Saints Peter and Paul reflects on 100 years of Ukrainian Orthodoxy

GLEN SPEY, NY — “Saints Peter and Paul Ukrainian Orthodox Church in Glen Spey was established on June 17, 1971 by Ukrainians who emigrated to this country during World War II and wanted to continue to practice their faith,” says Nadia Rajsz, vice-president of the church board. “They particularly settled in the Glen Spey area as second homeowners because this area reminded them of the country they left behind due to the war and communist persecution… We are under the Ukrainian Orthodox Church in Bound Brook, in New Jersey, [and] we’re celebrating [the] 100th year anniversary of the Ukrainian Orthodoxy in America—you’ll see the banner in front of the church if you drive by.” The Ukrainian Orthodox Church, which follows the Julian calendar instead of the modern Gregorian calendar, will celebrate Christmas on January 7.
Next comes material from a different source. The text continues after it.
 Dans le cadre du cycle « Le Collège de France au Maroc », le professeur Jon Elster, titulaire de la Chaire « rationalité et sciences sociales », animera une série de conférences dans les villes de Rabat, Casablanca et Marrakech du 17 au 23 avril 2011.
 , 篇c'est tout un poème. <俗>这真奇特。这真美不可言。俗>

The Ukrainian community in Glen Spey blossomed with specifically-tailored events and summer camps, including a three-day Ukrainian festival hosted throughout the 1980s and ‘90s by the former Verkhovyna Resort; the resort’s owner at the time, the Ukrainian Fraternal Association of Scranton, PA, donated property for the parish. However, despite that history and focus, the church boasts parishioners from a number of backgrounds, including Belarusian and Russian. “We’re here every Sunday to worship together,” says Rajsz. “We provide assistance in any way that we can to our parishioners—if they need language interpretation, or sometimes they need transportation, because we know in Sullivan County that’s a huge issue. If somebody needs a ride to the store, to the doctor, if they need something done in their home—we don’t do it 24/7, but we try to do it when we can.
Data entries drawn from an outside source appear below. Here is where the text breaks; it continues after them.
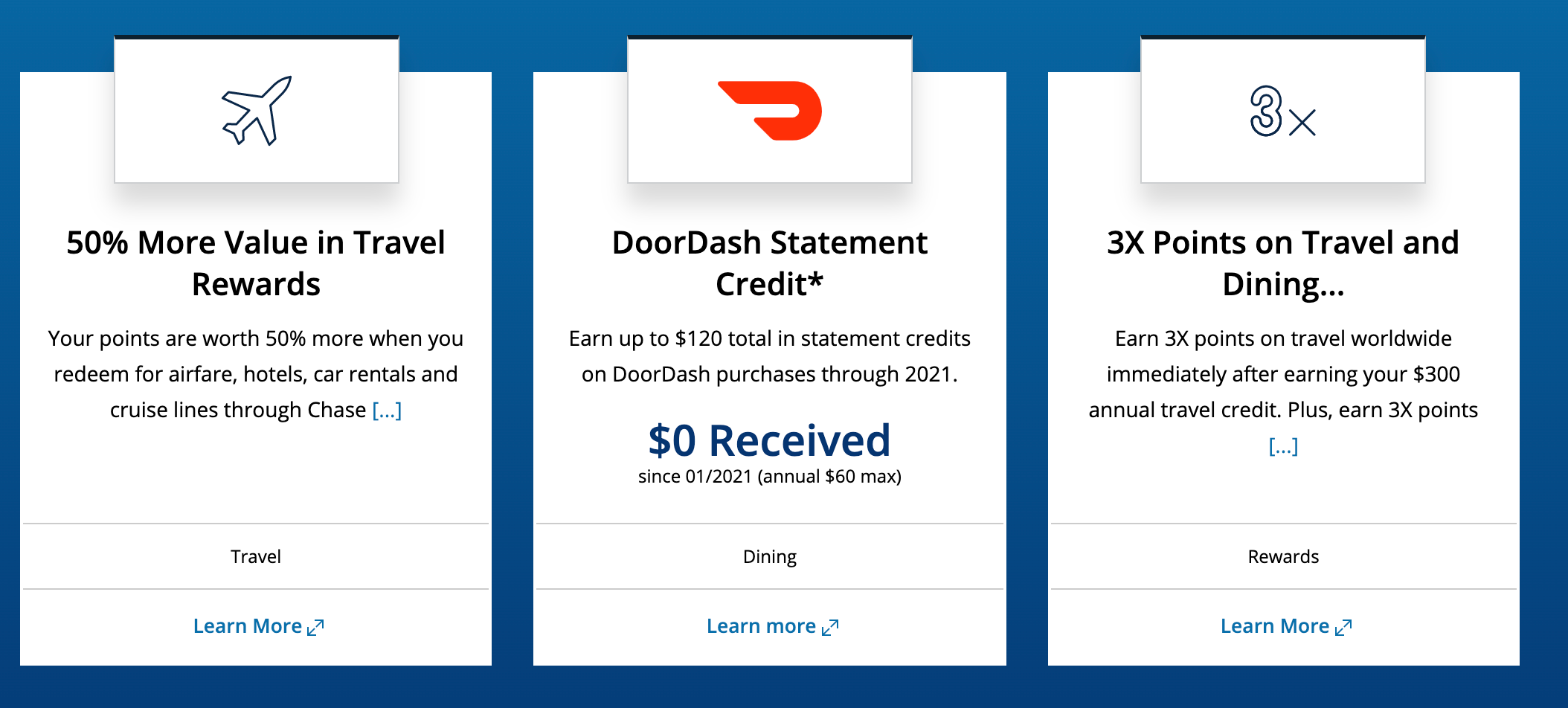 It's fair to say that most of us didn't use our premium travel rewards credit cards the way we initially intended in 2020. Luckily, many premium cards have pivoted to provide benefits in new ways, including offering built-in credits we can use from the safety of our home. Now that we've reached 2021, we hope some of the traditional travel benefits will become more relevant in the coming months, but until then, enjoy that fresh $60 set of DoorDash credits for 2021.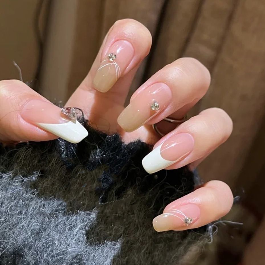 简约线条法式拉丝美甲贴纸 不规则线条星芒立体背胶甲油胶指甲贴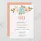 Floral Pretty Peach 90th Birthday Invitation

“The majority of our parishioners are a little elderly—I happen to be one of the younger ones, in my 60s—and then of course we have the younger ones, like my daughters, and their kids. We have a full spectrum of ages.” Rajsz describes the church’s constituency as “small but dedicated,” and that dedication can be found in formal activities as well: “In July of every year, we celebrate our Feast Day of Saints Peter and Paul with our traditional church picnic and festival, during which we sell our traditional foods like Ukrainian pierogies, stuffed cabbage, kapusta and kobasy. Our picnics are supported by the local community as well as Ukrainians from other parishes and communities.
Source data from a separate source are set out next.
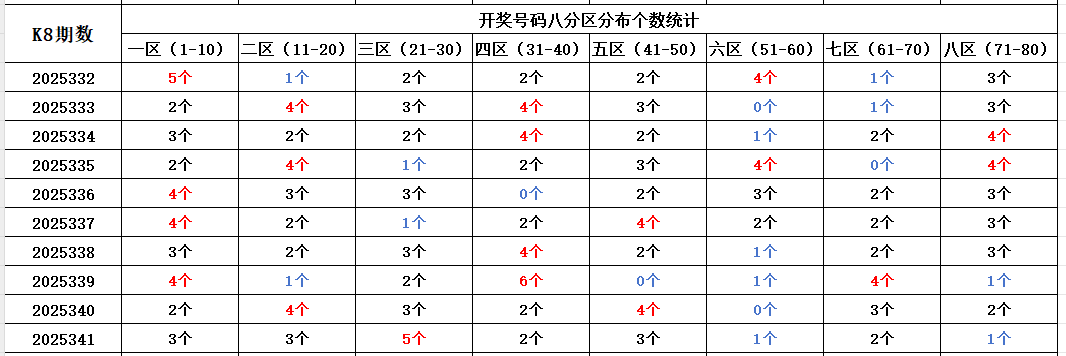 首先看上期回顾,“快乐8”第25341期开奖结果:4.8.9.11.15.19.21.23.24.25.26.37.38.43.45.46.52.63.64.74;通过分析开奖号码,分享第一个数据分析:统计开奖号码的八分区冷热走势,判断出号规律。以近10期开奖号码的八分区统计数据为例: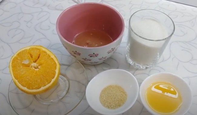 - Гранулы желатина высыпаем в мисочку, вливаем к ним апельсиновый сок, размешиваем и пока отставляем в сторону.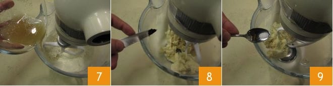 then add the sugar dissolved in the water 7. Add the vanilla bean seeds 8 and the salt 9.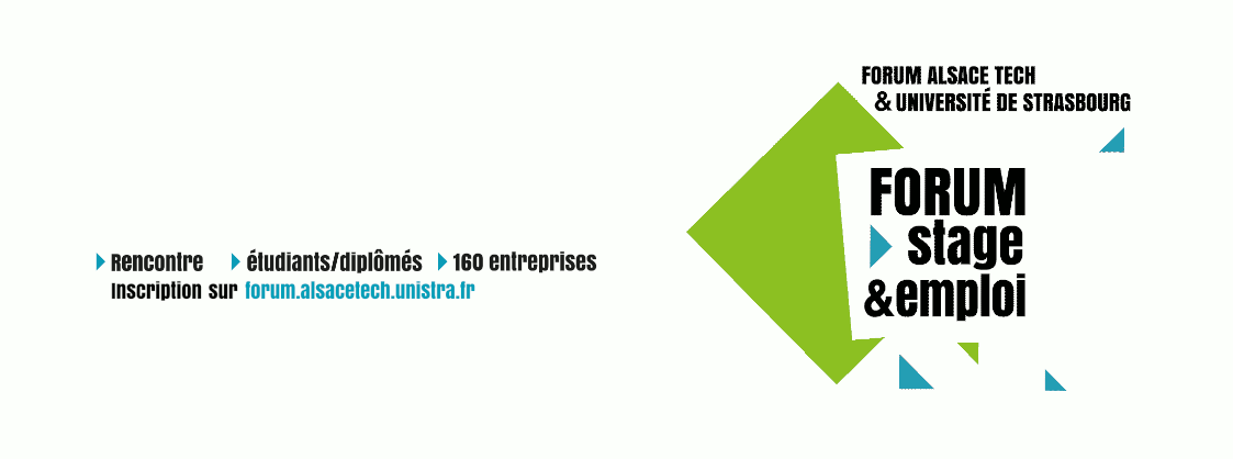 Co-organisé par l'Université de Strasbourg et les quatorze grandes écoles d’ingénieurs, d’architecture et de management du réseau AlsaceTech, le Forum stage-emploi 2023 se déroule jeudi 19 octobre 2023 en présentiel & du 20 au 27 octobre 2023 en ligne. Plus de 160 entreprises de différents secteurs d’activités seront présentes pour proposer 800 offres de stages et d'emplois. Un événement incontournable pour tous les étudiants et jeunes diplômés de Bac+2 à Bac+8 !

“Years ago, we had over 600 families. If you looked up the last census—somebody was telling me that we were, percentage-wise, the sixth-largest Ukrainian community in the nation. But that’s percentage-wise, because Lumberland has fewer than 2,000 people. I’m not sure what our status is now, but we did hold that for a while....”

While the scope of the church has changed over the years, its priorities remain the same. “We had a very big Ukrainian community through the years—it’s kind of dwindling because of the economy, and people are passing on and not being [replaced] by newcomers coming in. So that’s where we are—but we do continue our traditions. It’s very important to us.”